A few companies that offer this service are:
To see if your existing Citi card offers this ability, take a look under the Tools & Services menu in your account. You can also view existing cards with this feature.
If virtual numbers are available to you, it’s certainly worth the effort to use them. Adding another layer of security and privacy to online shopping never hurts.
6. Protect your Phone Number
(Difficulty – Easy)
How would you like a more secure, controlled environment for your phone number? There are two solutions that I like – one for the short term, and one for the long term.
Formerly knows as CraigsNumber (for providing privacy on Craigslist listings), inumbr is an auto-expiring, FREE phone number service that forwards calls to your home or mobile phone without revealing your actual number. Think of it as a disposable e-mail address, but for your phone. You can create a temporary phone number that’s valid for as little as one hour, or as long as one month.
Trying to sell something online, or need to make a listing in the classified ads? Generate an inumbr first and keep your true phone number a secret!

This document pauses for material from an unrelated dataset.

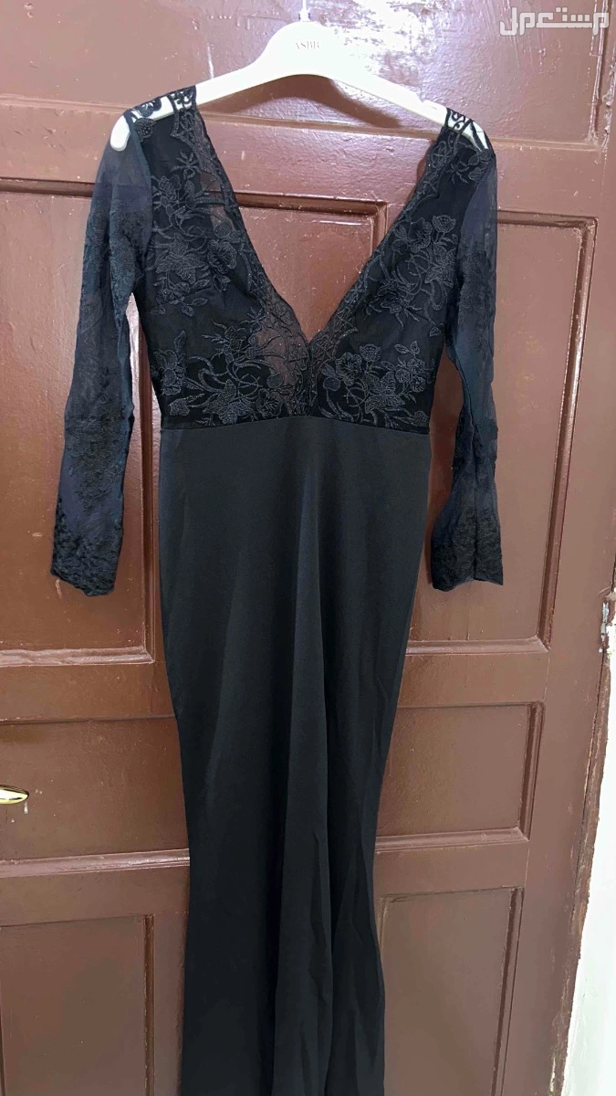 فستان سهرة اسود جديد غير مستعمل مقاس صغير سمول s يلبس وزن 50-60 كم ماسك على الجسم القماس فوق دانتيل و اللي تحت قماش مرن
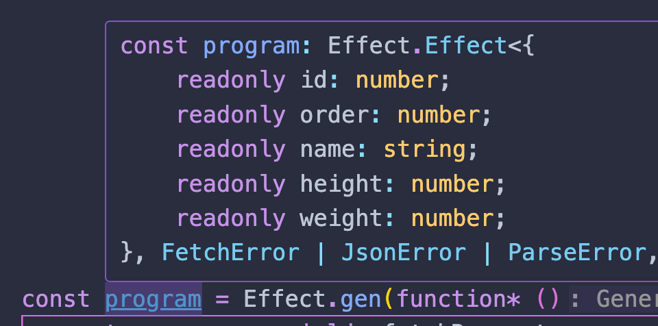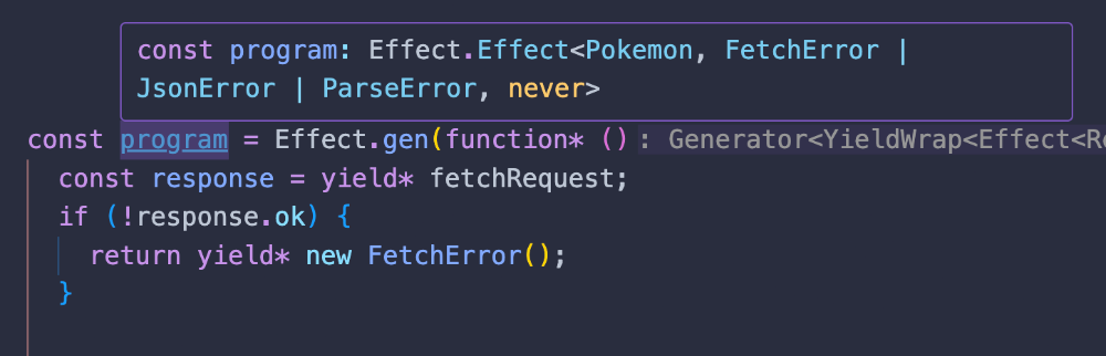If you inspect the success type of program in your IDE you actually don't see Pokemon but instead an object with the properties we defined inside Pokemon.

GrandCentral (by Google) is a similar FREE service, but the number that they generate for you is your permanent number. However, you can link that number to all your existing phones and create custom ring setups. Depending on the caller, GrandCentral will ring my cell phone, my wife’s cell phone, my office phone, or all my linked phones!
Concerning privacy and security, my favorite feature of GrandCentral is the ability to simply mark a caller as spam (just like an e-mail inbox), and never hear from them again! Telemarketer or ex-boyfriend/girlfriend harassing you? Hit the spam button by their number and kiss them good-bye!
GrandCentral is currently in private beta, but you can go ahead and reserve a number.
7. Don’t be an Idiot.
(Difficulty – ???)
My final point is that none of these solutions are worth a pitcher of warm spit if you can’t protect yourself from… yourself. Use common sense. Question everything. As with phishing, most attempts to gather your personal information come in a masked form. Do you really think that e-mail full of typographical errors is truly from PayPal? Do you really think that nice prince from Nigeria wants to give you a million dollars? C’mon.
The last few years have witnessed the rise of the social network, and it concerns me how many people willingly (nay, eagerly!) give away practically all details of their private lives online. I think we’re only starting to see the far-reaching implications of such actions. And no, I’m not just talking about posting drunk party pictures of yourself on Facebook for the world to see and then wondering why you got fired. I’m talking about a widespread increase in identity theft directly related to the hapless vomiting of personal information online.
Remember that just because you pass through a login into your preferred social network, it doesn’t mean that any information you post about yourself is safe and secure. Yes, there are unscrupulous people out there who will stop at nothing to harvest your identity for malicious purposes. Flies are attracted to the dung heap, so to speak.
Just be careful. In the last few months I’ve seen a drastic increase in Facebook spam due to people with hijacked user accounts. It’s annoying, disturbing, and disgusting. Don’t let it happen to you.
This is by no means a thorough list. Do you have any other ideas on how to protect yourself online? I’d love to hear them.